Halloween Clips: The Ten Scariest Music Videos of All Time
1. Alice Cooper - "Welcome To My Nightmare"
You can't have Halloween without Alice Cooper.
From his decapitation-happy live shows to his self-mocking sense of
humor, he's rock's king demon. (Sorry, Marilyn--we know how hard you
try.) But was Cooper ever better than when accompanied by the Muppets?
2. Cannibal Corpse - "Death Walking Terror"
Cannibal Corpse sometimes
takes its gore-besotted schtick so far over the top that it becomes
comical. We suspect that's why Jim Carrey put the band in the first Ace Ventura
movie. But Corpse's own videos, particularly in recent years, are like
mini-horror movies, directed and edited with a surprising intensity.
Check out "Make Them Suffer," or "Evisceration Plague," from the 2009
album of the same name, on your own. Our pick is "Death Walking
Terror," a tale of hallucinations and murder, from 2007's Kill.
3. Geto Boys - "Mind Playing Tricks On Me"
One of the most genuinely chilling hip-hop tracks ever, this Geto Boys
song convincingly paints a (somewhat) nuanced portrait of paranoia and
psychological deterioration. And while Bushwick Bill's cartoonish
persona - and Halloween-themed verse, which is why it's on this list -
initially seems to detract from the impact, it ultimately helps make
the song the classic it is.
4. Entombed - "Night Of The Vampire"
"Night of the Vampire" is originally by one of America's most
demon-haunted singer-songwriters, Texas psychedelic casualty Roky
Erickson. But this cover version, by Swedish death metal kings Entombed (a
fairly Halloween-esque band name right there), adds a crushing
heaviness to the original's ominous crawl, distorting its simple riff
into pure nightmare fuel.
5. Iggy Pop & Grace Jones - "Nightclubbing"

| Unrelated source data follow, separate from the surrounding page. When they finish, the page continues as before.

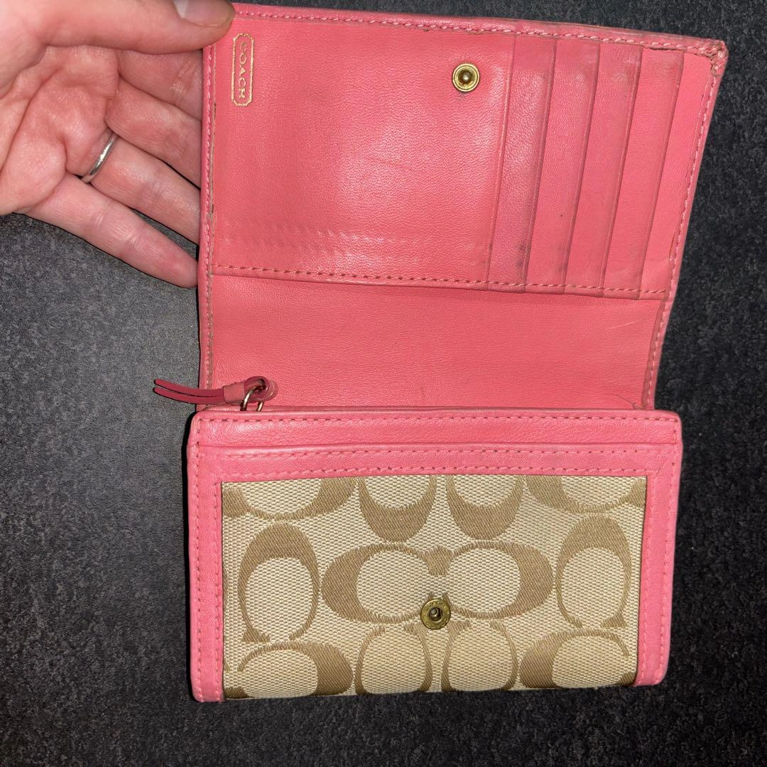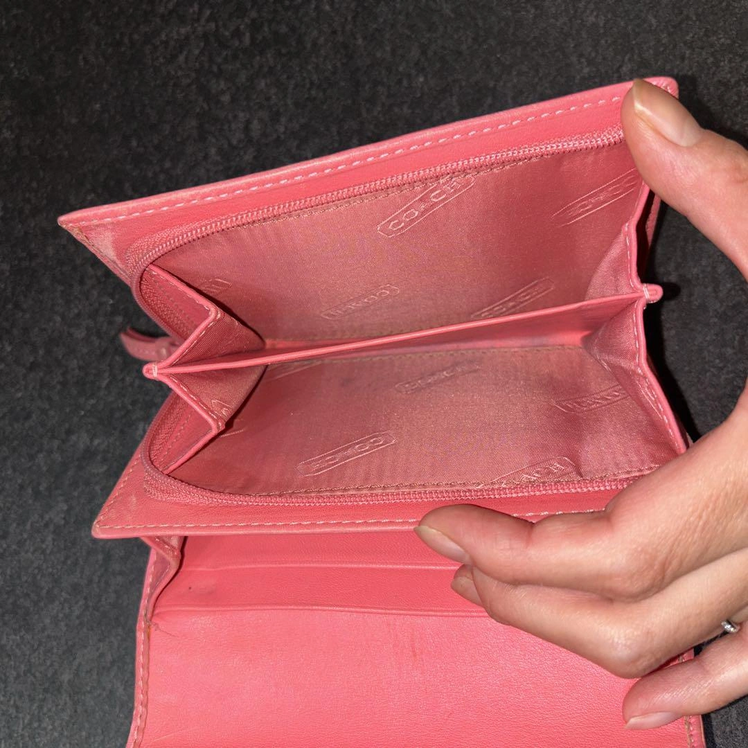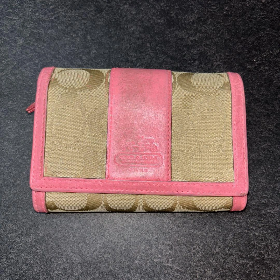 COACH(コーチ)のシグネチャー柄、ピンクカラーの二つ折り財布です。落ち着いた色合いと上品なデザインが特徴です。 カードポケットが多く、コンパクトながら収納力があります。うっすら汚れがありますが、シグネチャー柄は比較的綺麗で、中もしっかりしているので、まだお使いいただけると思います。 【ブランド】COACH(コーチ) 【カラー】ピンク×ベージュ 【仕様】二つ折り財布 / カードポケット / 小銭入れ / お札入れ 【状態】やや傷や汚れあり ご希望の方はお気軽にご連絡ください。
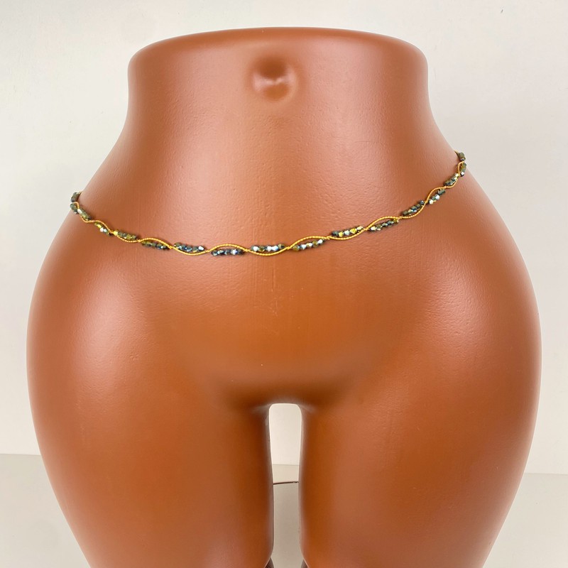 Sublimez vos courbes avec notre baya artisanale, également appelée perle de taille ou bijou de hanche. Fabriquée à la main avec des perles décoratives montées sur un fil transparent et extensible, elle allie confort, élégance et tradition.
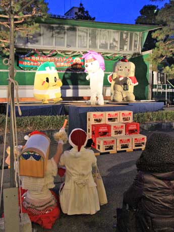 ステージ左から=「いなっピー」(愛知県稲沢市)、「ひこちゅう」(滋賀県彦根市)、「わたる」(兵庫県瀬戸内市)
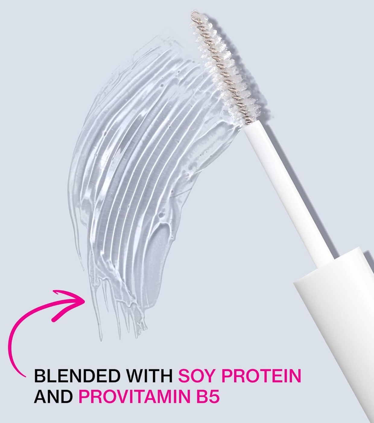 Angereichert mit Sojaprotein und Vitamin E hilft diese nicht zusammenbackende Formel dabei, die Wimpern zu pflegen und bietet eine Basisschutzschicht, die als Versiegelung verwendet werden kann, um das Abblättern gefärbter Wimperntusche zu verhindern.
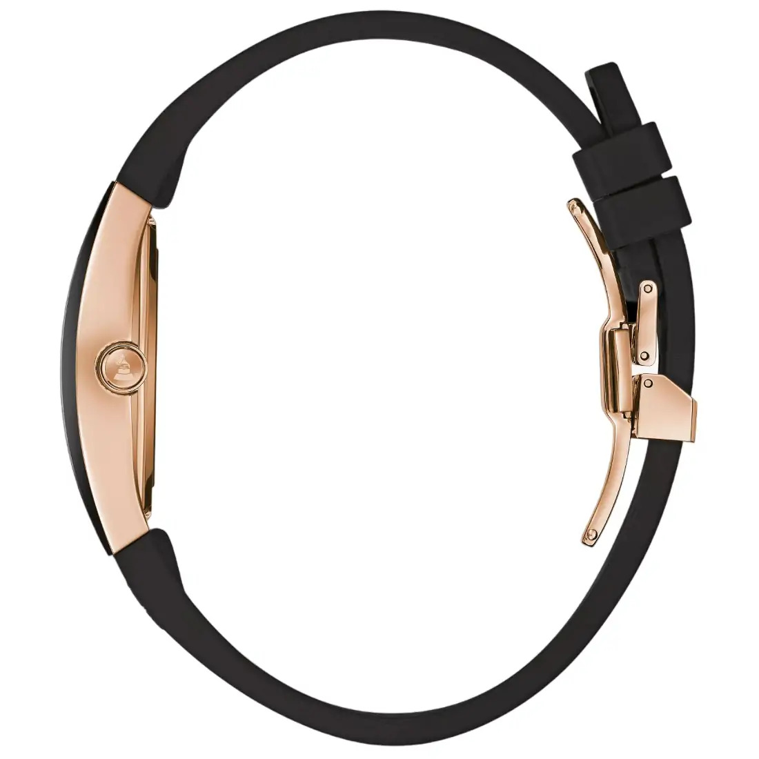 Reloj Bulova Edición Latin Grammy para caballero. Movimiento de cuarzo de 3 manecillas. Caja con moderno estilo tonneau realizada en acero inoxidable acabado PVD negro con detalles y corona en oro rosa. Carátula negra, indicadores y manecillas en oro rosa, logo de los Latin Grammy grabado en tapa y correa. Correa de caucho negra, broche desplegable. Cristal metalizado de borde a borde.
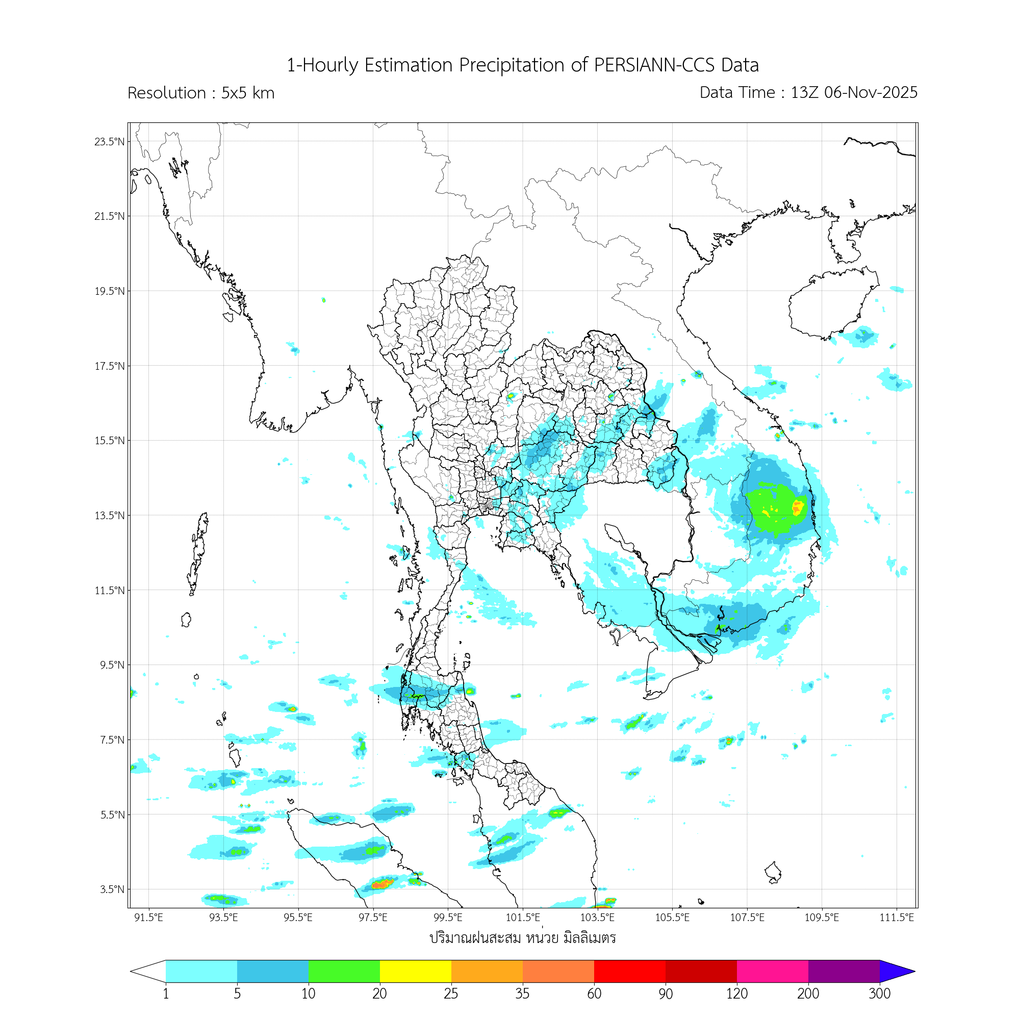 การประมาณค่าฝนจากดาวเทียม เมื่อวาน (05/11/2025)

Pop first recorded this track for his 1977 album The Idiot. Jones picked
it up a couple of years later and made it her own. Earlier this year,
they duetted it on French TV. Though the song's about club-hopping in
Berlin, the way they sing the words "walking through town" has always
made it sound more like trick-or-treating, or zombies on the prowl. And
check out the Frankenstein walk these two old ghouls do into the crowd
at the end of the clip.
6. Stephen Lynch - "Halloween"
This little ditty smashes Adam Sandler's "Hanukkah Song" in the head
with a shovel and dumps its body into a freshly dug backyard grave.

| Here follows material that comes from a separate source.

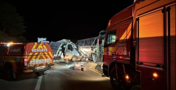 Acidente entre van e ônibus de banda deixa um morto e quatro feridos em SC
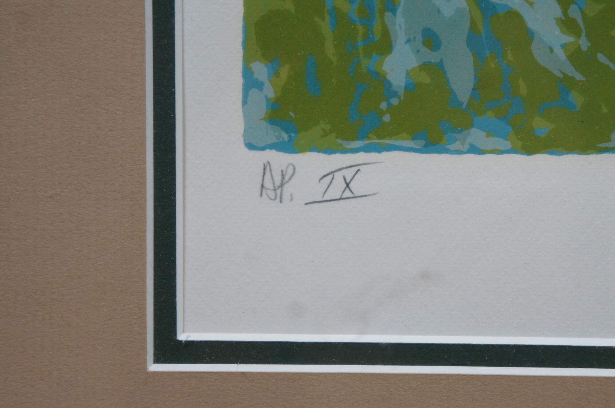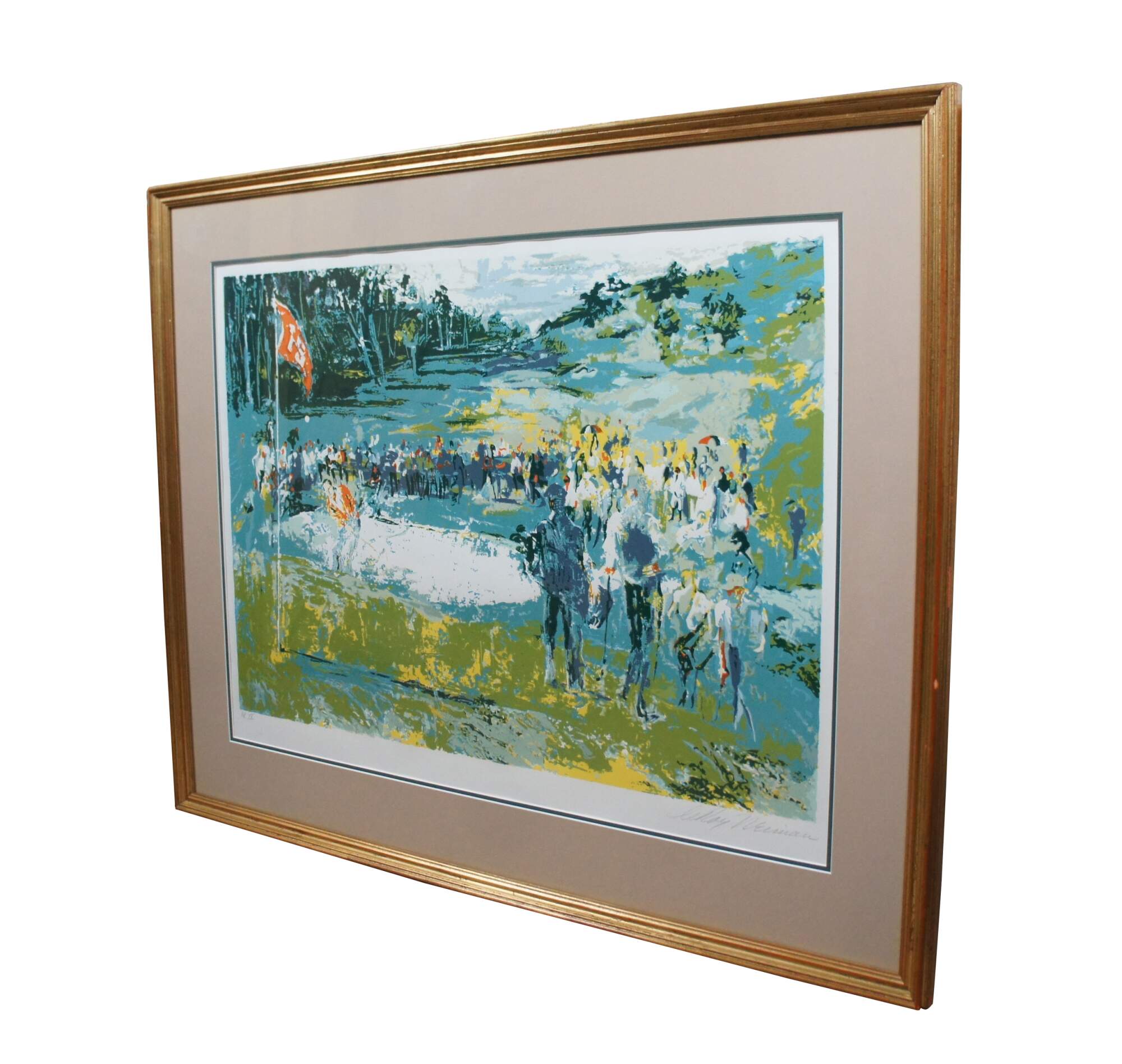 Late 20th century arist's proof serigraph print by LeRoy Neiman, titled Tournament Golf, depicting the participants and onlookers on the 15th hole while a central golfer chips out of a sand trap. Pencil signed and numbered AP IX along lower edge. Beveled giltwood frame; beige and dark green layered mat.

Comedians with guitars are usually a pretty dicey proposition, but Stephen Lynch's tribute to the darkest of holidays is hilarious.
7. Soft Cell - "Ghost Rider"
This song, originally by New York art-punkers Suicide, posits the
Marvel Comics flaming skeleton biker as a misunderstood hero. UK
synth-pop duo Soft Cell demonstrated
its dark side by performing it live on BBC TV, with special guest Jim
"Foetus" Thirlwell, in disguise as Clint Ruin, on demonic guest vocals.
8. Gravediggaz - "Diary Of A Madman"
In the mid '90s, a few hip-hop acts made an inexplicable turn toward
the dark side, versifying their love for horror movies in a subgenre
called "horrorcore." (Long before the group won an Oscar, Three Six
Mafia got its start rapping about Satan as much as women and weed.) One
of the main acts within this mini-movement was the Gravediggaz,
a semi-supergroup featuring producers Prince Paul and the RZA alongside
Frukwan of Stetsasonic and Too Poetic. This song was the first single
from the group's debut album, 6 Feet Deep (released with the much better title Niggamortis outside the U.S.).
9. White Zombie - "I'm Your Boogie Man"
Originally recorded for the soundtrack to the second movie in the Crow series, this track shows that Rob Zombie's ability to take a cheesy pun (boogie man = boogeyman, get it?) and make something gut-churningly awesome out of it is not to be messed with. And you gotta love the fake "Chiller Theater" kids' show format of the clip. (Yes, that's Mrs. Zombie as the Vampira-esque co-hostess.)
10. Misfits - "Halloween"
No Halloween music playlist would be complete without a track from New Jersey's answer to an exhumed Elvis, Glenn Danzig. Here he is with the Misfits, performing "Halloween" (a song he liked so much he slowed it down to a doom-metal crawl and re-recorded it with his next band, Samhain) somewhere, sometime in the early '80s.